[[ The data open ]]

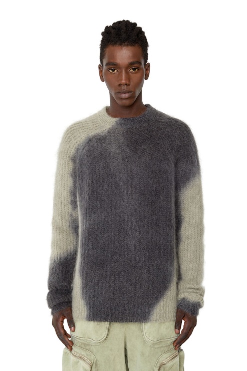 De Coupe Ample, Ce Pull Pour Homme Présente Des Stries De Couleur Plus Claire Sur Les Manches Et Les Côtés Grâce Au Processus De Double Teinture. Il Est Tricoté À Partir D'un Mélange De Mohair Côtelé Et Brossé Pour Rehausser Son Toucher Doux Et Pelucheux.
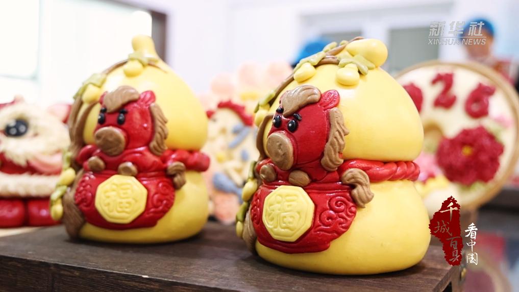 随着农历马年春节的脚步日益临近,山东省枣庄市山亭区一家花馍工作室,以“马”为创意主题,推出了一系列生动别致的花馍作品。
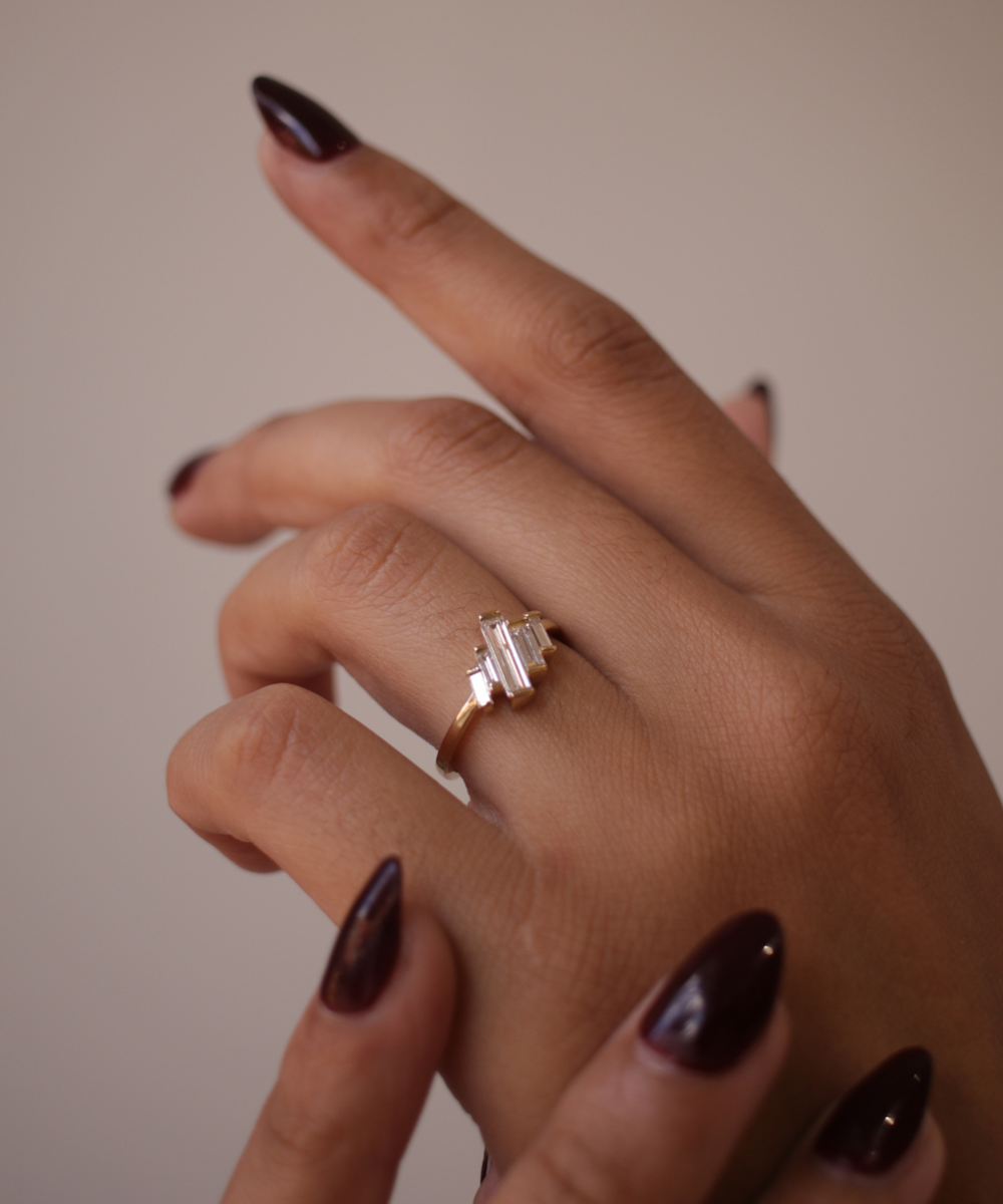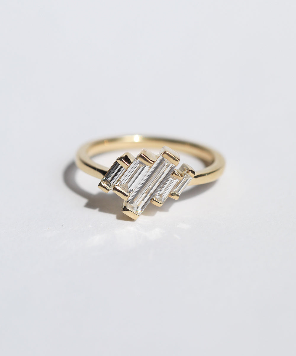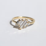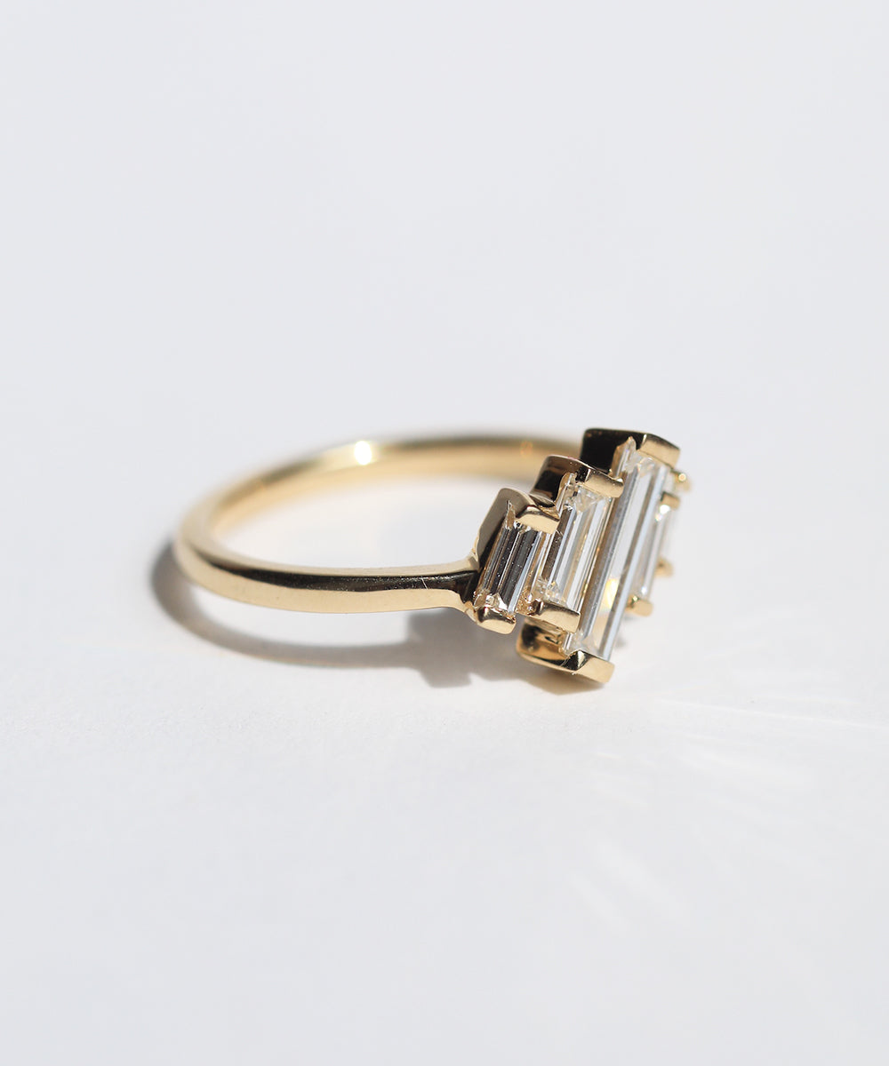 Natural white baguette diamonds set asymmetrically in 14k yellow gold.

[[ The data closed ]]

● Exercise
Would you reproduce the listing above exactly, without any of its images?

● Written response
 De Coupe Ample, Ce Pull Pour Homme Présente Des Stries De Couleur Plus Claire Sur Les Manches Et Les Côtés Grâce Au Processus De Double Teinture. Il Est Tricoté À Partir D'un Mélange De Mohair Côtelé Et Brossé Pour Rehausser Son Toucher Doux Et Pelucheux.
 随着农历马年春节的脚步日益临近,山东省枣庄市山亭区一家花馍工作室,以“马”为创意主题,推出了一系列生动别致的花馍作品。
 Natural white baguette diamonds set asymmetrically in 14k yellow gold.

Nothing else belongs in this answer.